EXERCISE PROMPT: Take the line that contains "Asimismo, la agrupación" and each line after it to the end of the data below, and set them down exactly, omitting pictures.

DATA:
=== Begin Enclosure ===
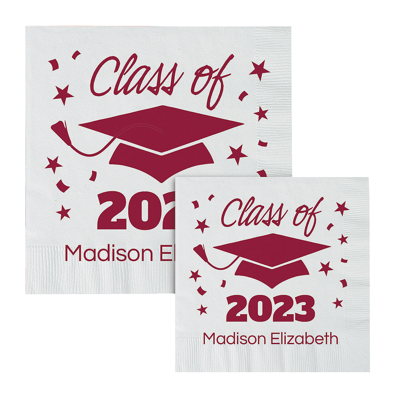 Celebrate a special graduate with these personalized napkins! These disposable napkins feature a celebratory graduation cap design and personalized text, making them the perfect napkins for a graduation party. Extend the celebration to the food table or beverage bar with these fun napkins that are made unique with personalized text. Paper. (50 pcs. per unit) Personalize with 2 lines of text.
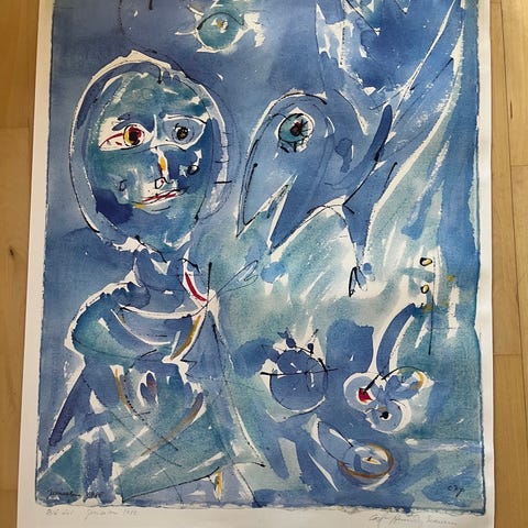 Litografi, Carl-Henning Pedersen, motiv: Ny Dansk Glaskunst, b: 55 h: 86,6
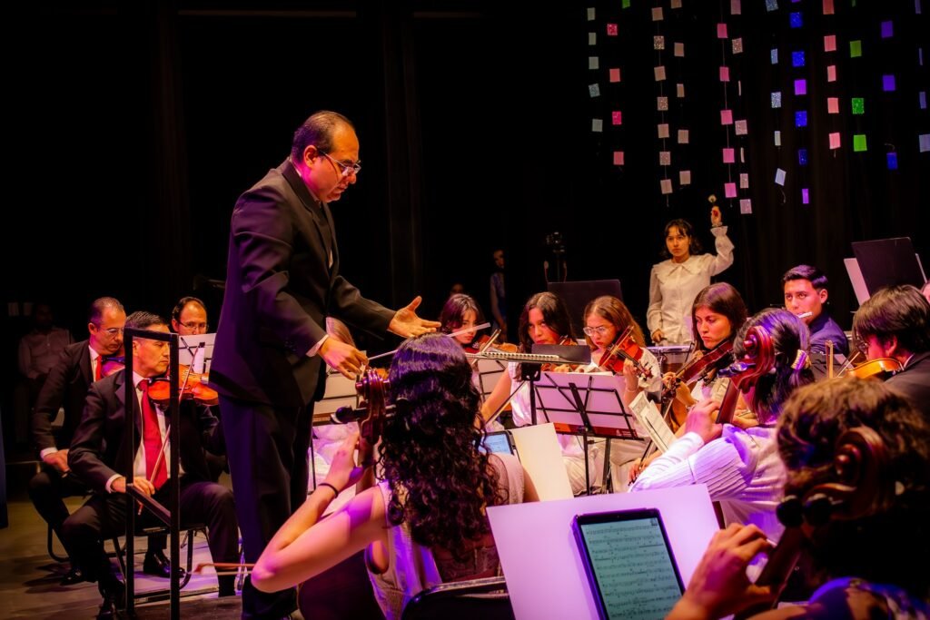 Asimismo, la agrupación participó en conciertos infantiles con repertorio clásico, como “Pedro y el Lobo” y la “Sinfonía de los Juguetes”, en presentaciones realizadas en el Aula Magna y en el Centro Cultural El Refugio, todo bajo la dirección del maestro Cano.
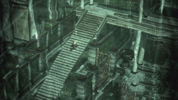 然后进入迷宫,迷宫内的东西很多记得多转转,多转转也不是坏事,**拿完之后到迷宫**位置(左边阶梯未踩下机关之前是不能上的)踩下机关之后整个画面会变绿,你会发现左边那个地面的楼梯和空中的楼梯变成了一个楼梯,禁止往下走跳过一道门从左边上去(如图)
=== End Enclosure ===
COMPLETED EXERCISE:
 Asimismo, la agrupación participó en conciertos infantiles con repertorio clásico, como “Pedro y el Lobo” y la “Sinfonía de los Juguetes”, en presentaciones realizadas en el Aula Magna y en el Centro Cultural El Refugio, todo bajo la dirección del maestro Cano.
 然后进入迷宫,迷宫内的东西很多记得多转转,多转转也不是坏事,**拿完之后到迷宫**位置(左边阶梯未踩下机关之前是不能上的)踩下机关之后整个画面会变绿,你会发现左边那个地面的楼梯和空中的楼梯变成了一个楼梯,禁止往下走跳过一道门从左边上去(如图)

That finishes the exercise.